Number concepts are a part of everyday life. The child has been introduced to them long before s/he even comes to school. It is important to note that even if a child may be reciting numbers in sequence that this is not the same as being able to count let alone understanding what these words mean. In the Montessori classroom, the child learns by using and manipulating concrete materials during the time that s/he is most sensitive to them. Many mathematics skills are built on the concepts of matching and pairing exercises, sorting, sequencing and ordering. Children do many of these activities quite naturally in their daily lives. They involve concentration and the ability to make comparisons, and as such are very important for cognitive development. (MCSA, 2018)

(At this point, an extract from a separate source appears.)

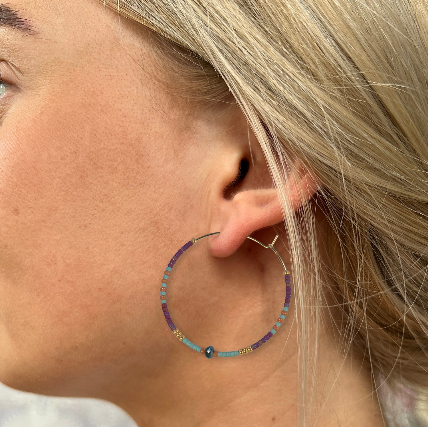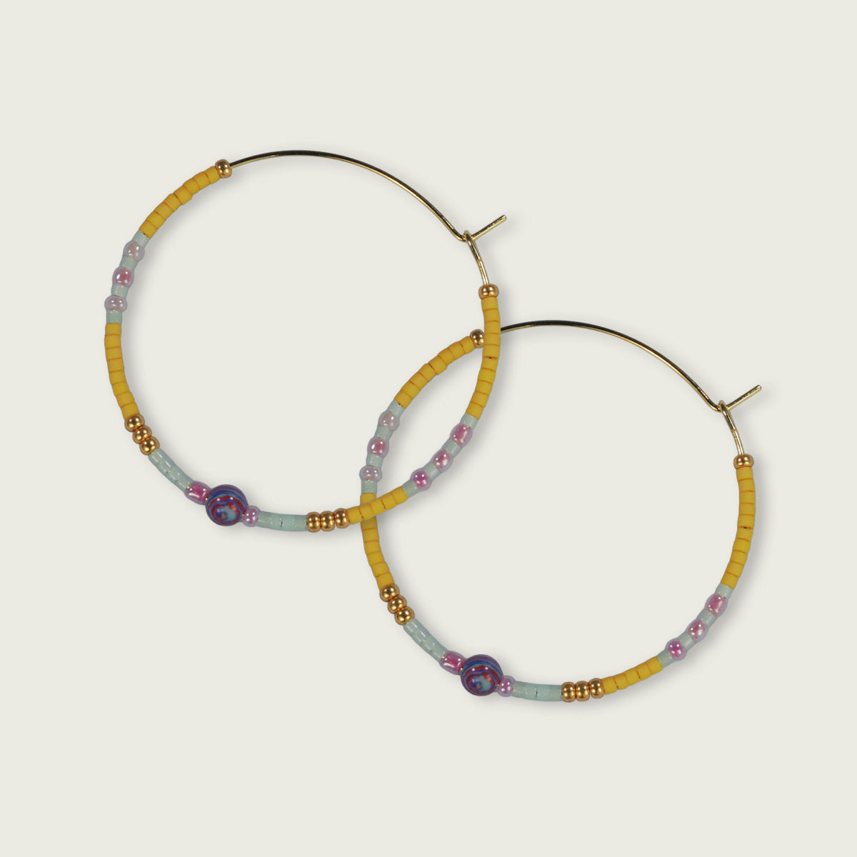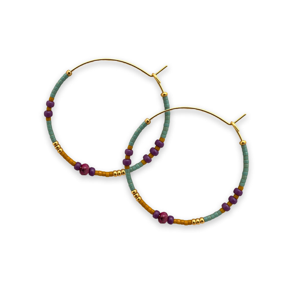 Stijlvolle, handgeregen creool met gekleurde kralen en subtiele goudaccenten. De oorbel heeft een speelse maar elegante uitstraling en is perfect om elke outfit een frisse touch te geven. Verkrijgbaar in verschillende kleuren. Glas kraaltjes, semi-precious steentjes en goldplated ringen.

Reading and writing are one of the most essential milestones in the life of young children. These are two indispensable developmental skills that influence children’s ability to communicate and make their way in the world of advanced learning. Basically, without these skills we wouldn’t be able to express ourselves and put our ideas on paper that can be useful to ourselves and other people. Before children learn to read and write properly, they should develop their ability to speak first. In the Montessori Method, language development is supported by a number of activities that stimulate communication skills and vocabulary development. There is a broad range of materials for reading readiness, phonetic analysis as well as fine motor control for writing.
The Montessori approach to creativity is very special. Montessorians recognize that all children have within themselves a tremendous potential for creativity. It is our responsibility as the Montessori practitioner to ensure that an environment that meets the needs of the child is prepared. Our task is to nurture that potentiality for creativity by offering materials that will best allow this tendency to come to the fore. Creativity in a Montessori preschool environment includes all forms of the creative process. These can include (but are not limited to), art, music, movement and drama. These are universal languages which can be understood by all. During the early years the child’s intellectual activity and physical skills are fused in a creative process which is unique to humanity. General problem solving and exploration when working with the Montessori materials also promotes creative thinking.